Google waxes poetic on Nexus One's design in video series, new docks shown off
Curious about the bright minds behind the OLED-wrapped, Android-powered Snapdragon in your pocket? Google's just posted its first in a series of videos about the Nexus One's magical journey from concept to production, and this particular episode calls in Mountain View's own Erick Tseng alongside HTC project manager Tomasz Hasinski and Lloyd Watts of Audience, which provided the phones dual-mic noise reduction tech. Don't expect too much depth here -- the entire video's only four minutes long -- but after Erick talks about the Nexus One's unprecedented fusion of bleeding-edge hardware and software design, we get to hear a little bit about HTC's selection of soft-touch materials and a large display for the device and Audience's involvement in improving voice quality before getting a super-brief glimpse at three docks. One of them is already available -- the desktop dock -- but the other two appear to be a standard desktop dock with an integrated spare battery charger and the nav-friendly car dock on the left and right, respectively. The video gives no clues when we might actually see these available for purchase -- but since they've finally shown them off here, it can't be long, right? Follow the break to check out episode one in full.

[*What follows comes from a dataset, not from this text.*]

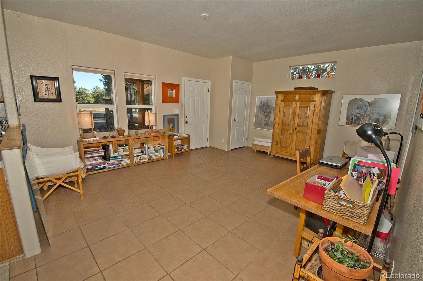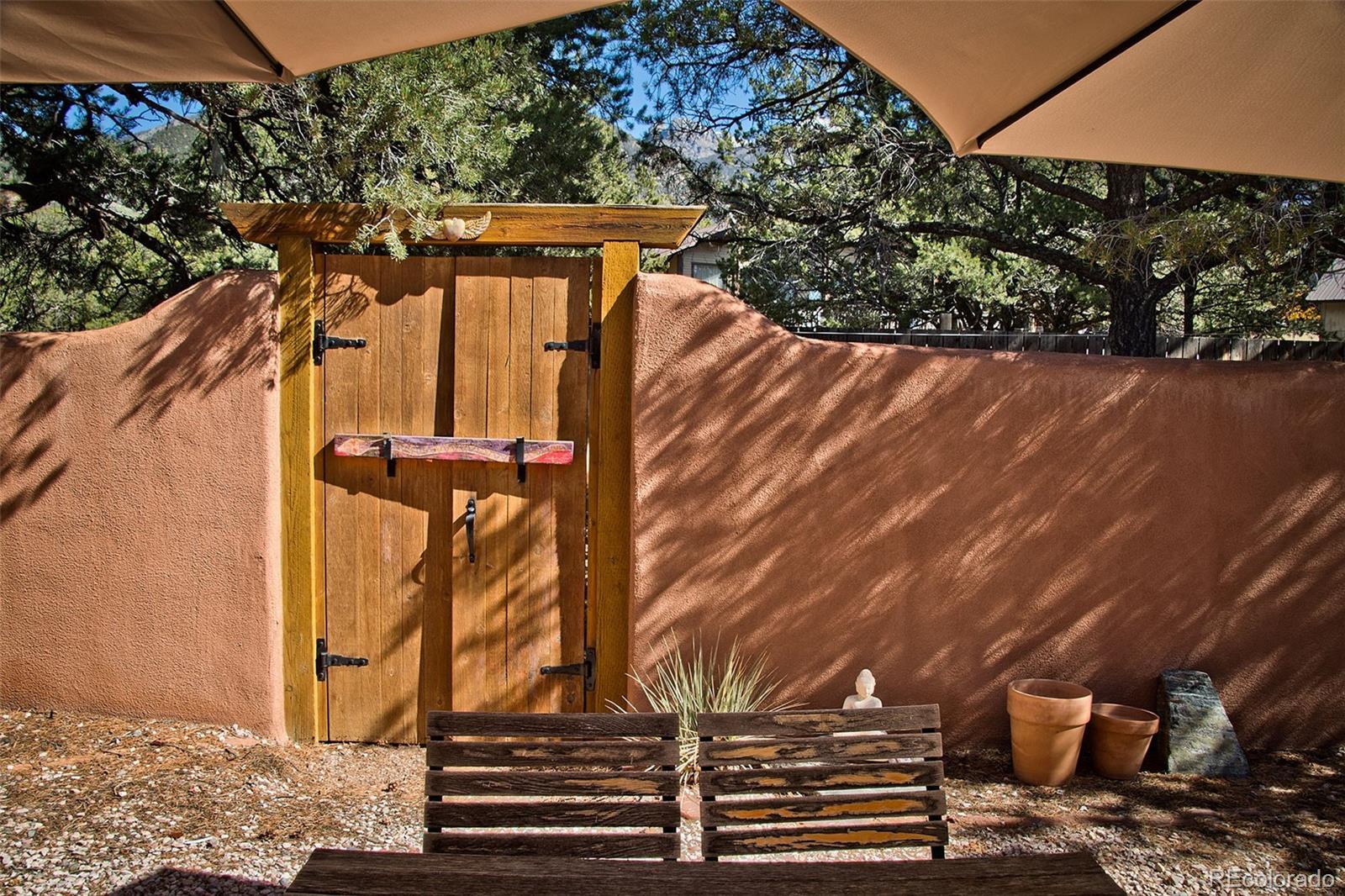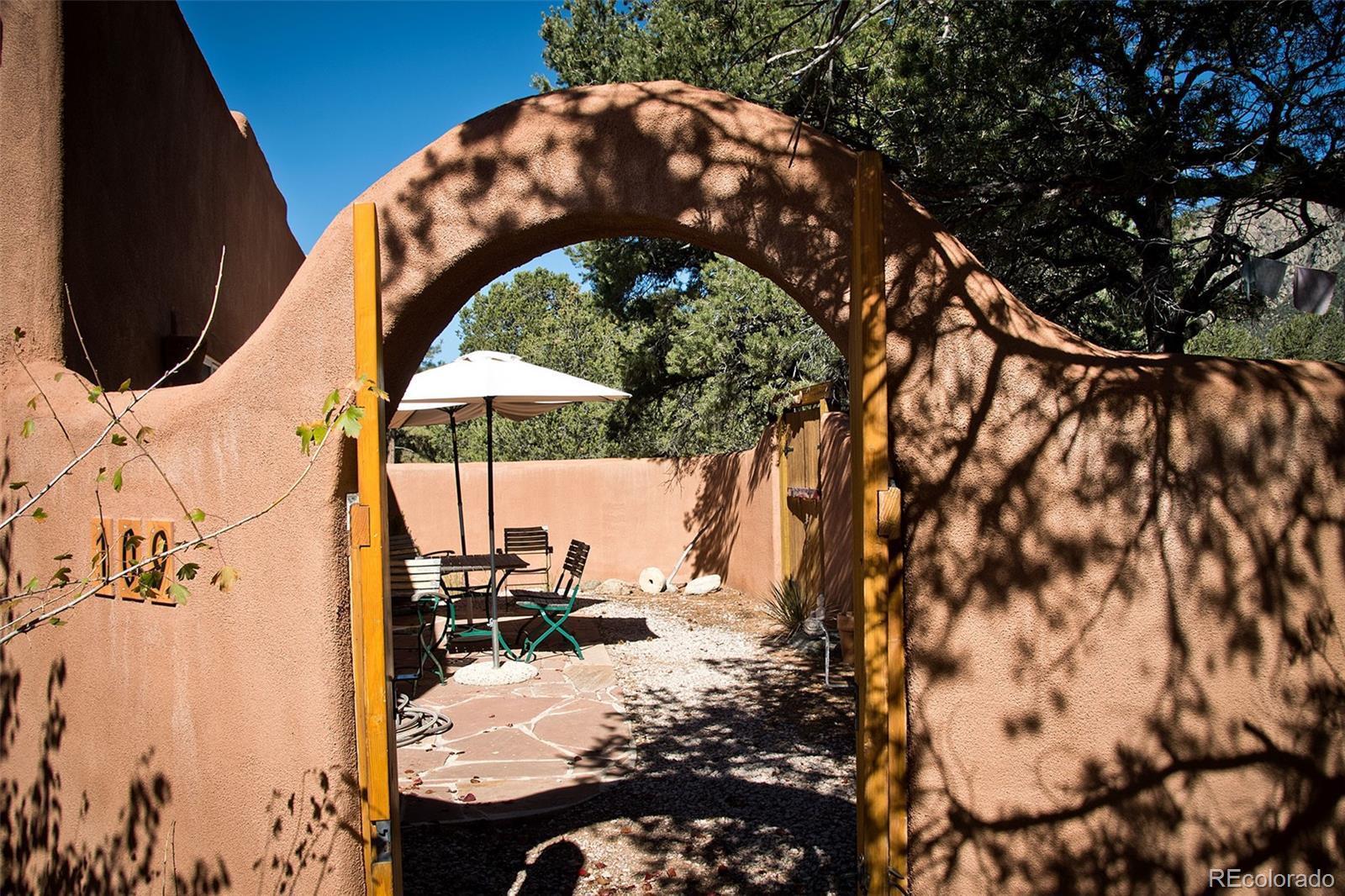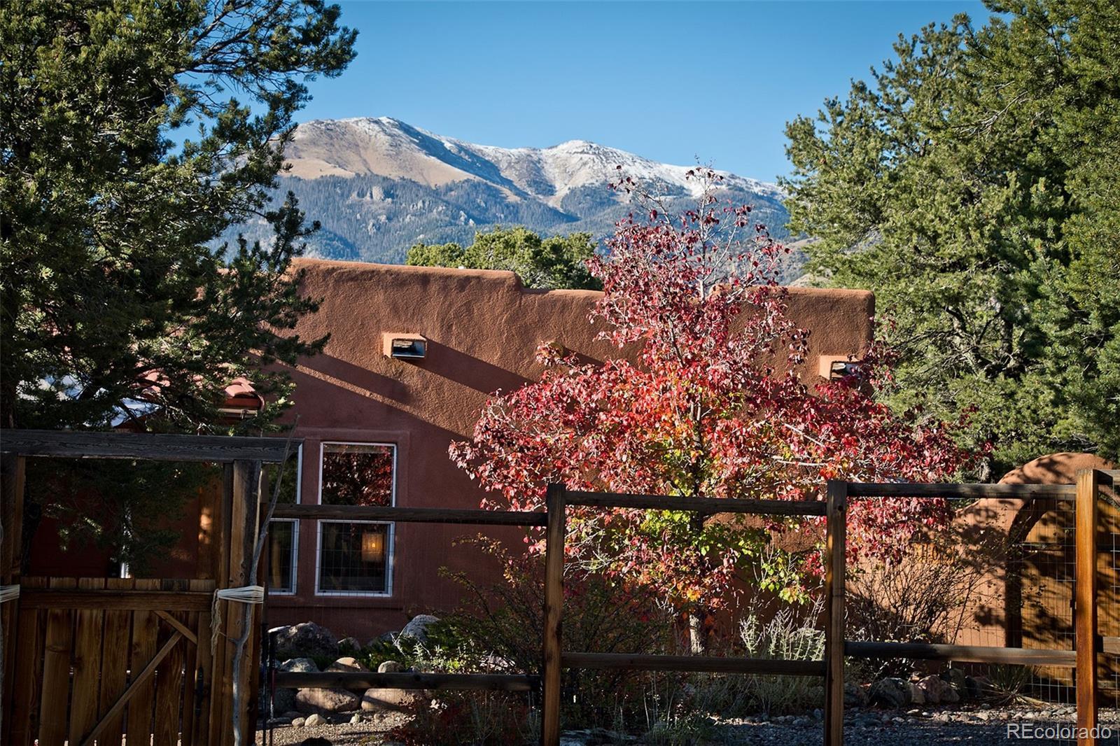 This home blends comfort, ease, and a sense of community, with its easy walk or bike to town, cozy cul-de-sac neighborhood, and serene treed lot. Inside you walk into a warm interior open floor plan , with sliding doors from the kitchen, to a fenced, landscaped patio area to enjoy morning coffee, or quiet sunsets. This 2 bedroom 2 bath home is a nice size for the retiree who doesn't want a large home to maintain. The popular SW style of this home, gives it a quaint exterior, with a peaceful oasis in the fenced front and side garden. The inspiring landscape invites you to explore the vegetation, and reading or meditation spaces. This is a Dark Sky Community so the stars will amaze you at night. There are several healing hot springs in the area, the community is known for the quiet lifestyle. The Town of Crestone has several grocery stores, bank, restaurants, and quaint shops. There is a newly paved sidewalk to town nearby. This community has all underground utilities, high speed internet, well maintained roads, free golf and tennis to members, and parks within walking distance.

@Crabs I agree, magical should stop being tossed around so idly.
"Any sufficiently advanced technology is indistinguishable from magic." Arthur C Clarke
@Crabs old + magical is what 2010 is all about!
@BUNT2 wow, talk bout proof of theory. lol.
But the oled in this is worse than an lcd in others?
@BUNT2 No the OLED on it is amazing, just hard to read in direct sunlight. Indoors, I've never been so awed by a phone display..such rich colors and deep blacks...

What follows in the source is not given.